#### PROBLEM STATEMENT
Transcribe the whole listing exactly; the images stay out.

#### INFORMATION PROVIDED
<<<<
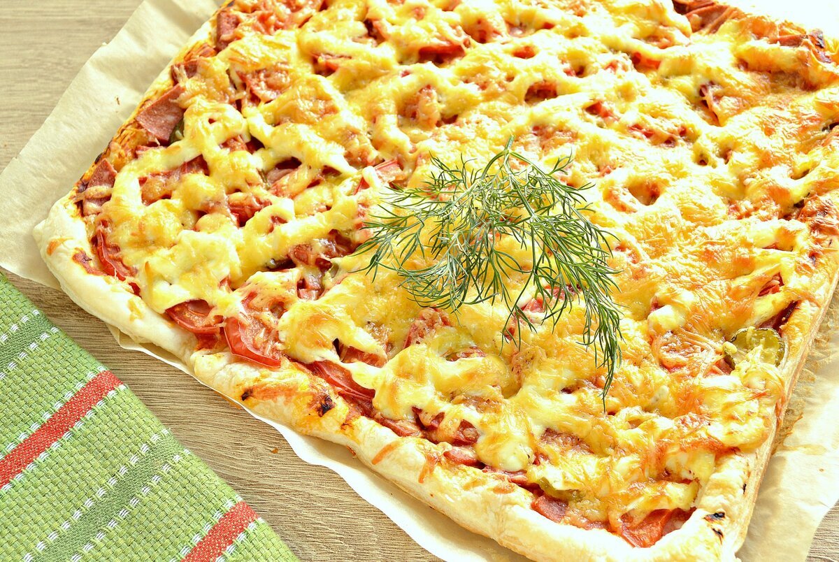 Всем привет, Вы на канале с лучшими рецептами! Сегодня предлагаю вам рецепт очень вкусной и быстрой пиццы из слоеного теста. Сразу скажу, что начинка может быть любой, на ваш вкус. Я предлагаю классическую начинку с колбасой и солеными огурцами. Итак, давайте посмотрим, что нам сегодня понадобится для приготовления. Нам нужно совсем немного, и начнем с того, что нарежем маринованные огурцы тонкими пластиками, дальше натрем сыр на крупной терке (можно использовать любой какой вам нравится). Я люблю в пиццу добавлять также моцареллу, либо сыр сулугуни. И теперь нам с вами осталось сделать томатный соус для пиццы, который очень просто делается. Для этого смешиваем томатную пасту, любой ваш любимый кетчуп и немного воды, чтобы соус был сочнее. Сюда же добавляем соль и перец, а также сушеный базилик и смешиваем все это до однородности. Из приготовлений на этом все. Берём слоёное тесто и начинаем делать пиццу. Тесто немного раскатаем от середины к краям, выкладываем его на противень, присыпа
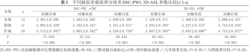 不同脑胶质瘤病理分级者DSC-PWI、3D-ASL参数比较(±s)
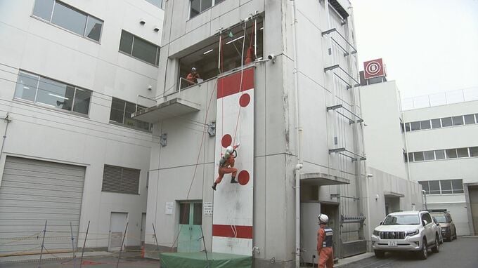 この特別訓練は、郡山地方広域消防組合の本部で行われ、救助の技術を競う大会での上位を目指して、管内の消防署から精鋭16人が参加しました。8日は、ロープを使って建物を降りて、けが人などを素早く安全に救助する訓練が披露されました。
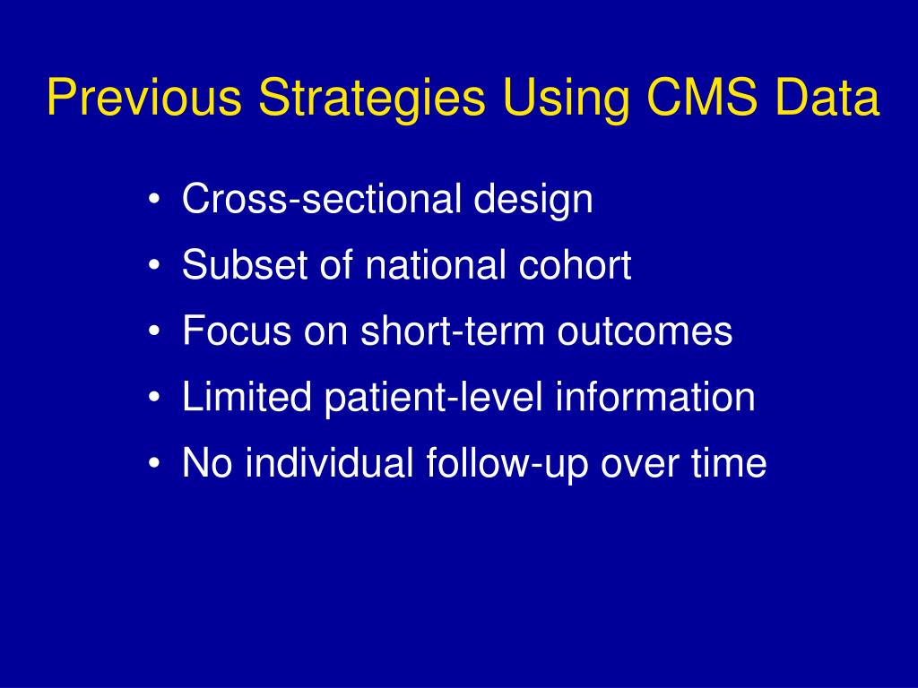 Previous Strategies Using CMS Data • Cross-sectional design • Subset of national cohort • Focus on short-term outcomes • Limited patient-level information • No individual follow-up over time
>>>>
#### SOLUTION TO THIS TASK
 Всем привет, Вы на канале с лучшими рецептами! Сегодня предлагаю вам рецепт очень вкусной и быстрой пиццы из слоеного теста. Сразу скажу, что начинка может быть любой, на ваш вкус. Я предлагаю классическую начинку с колбасой и солеными огурцами. Итак, давайте посмотрим, что нам сегодня понадобится для приготовления. Нам нужно совсем немного, и начнем с того, что нарежем маринованные огурцы тонкими пластиками, дальше натрем сыр на крупной терке (можно использовать любой какой вам нравится). Я люблю в пиццу добавлять также моцареллу, либо сыр сулугуни. И теперь нам с вами осталось сделать томатный соус для пиццы, который очень просто делается. Для этого смешиваем томатную пасту, любой ваш любимый кетчуп и немного воды, чтобы соус был сочнее. Сюда же добавляем соль и перец, а также сушеный базилик и смешиваем все это до однородности. Из приготовлений на этом все. Берём слоёное тесто и начинаем делать пиццу. Тесто немного раскатаем от середины к краям, выкладываем его на противень, присыпа
 不同脑胶质瘤病理分级者DSC-PWI、3D-ASL参数比较(±s)
 この特別訓練は、郡山地方広域消防組合の本部で行われ、救助の技術を競う大会での上位を目指して、管内の消防署から精鋭16人が参加しました。8日は、ロープを使って建物を降りて、けが人などを素早く安全に救助する訓練が披露されました。
 Previous Strategies Using CMS Data • Cross-sectional design • Subset of national cohort • Focus on short-term outcomes • Limited patient-level information • No individual follow-up over time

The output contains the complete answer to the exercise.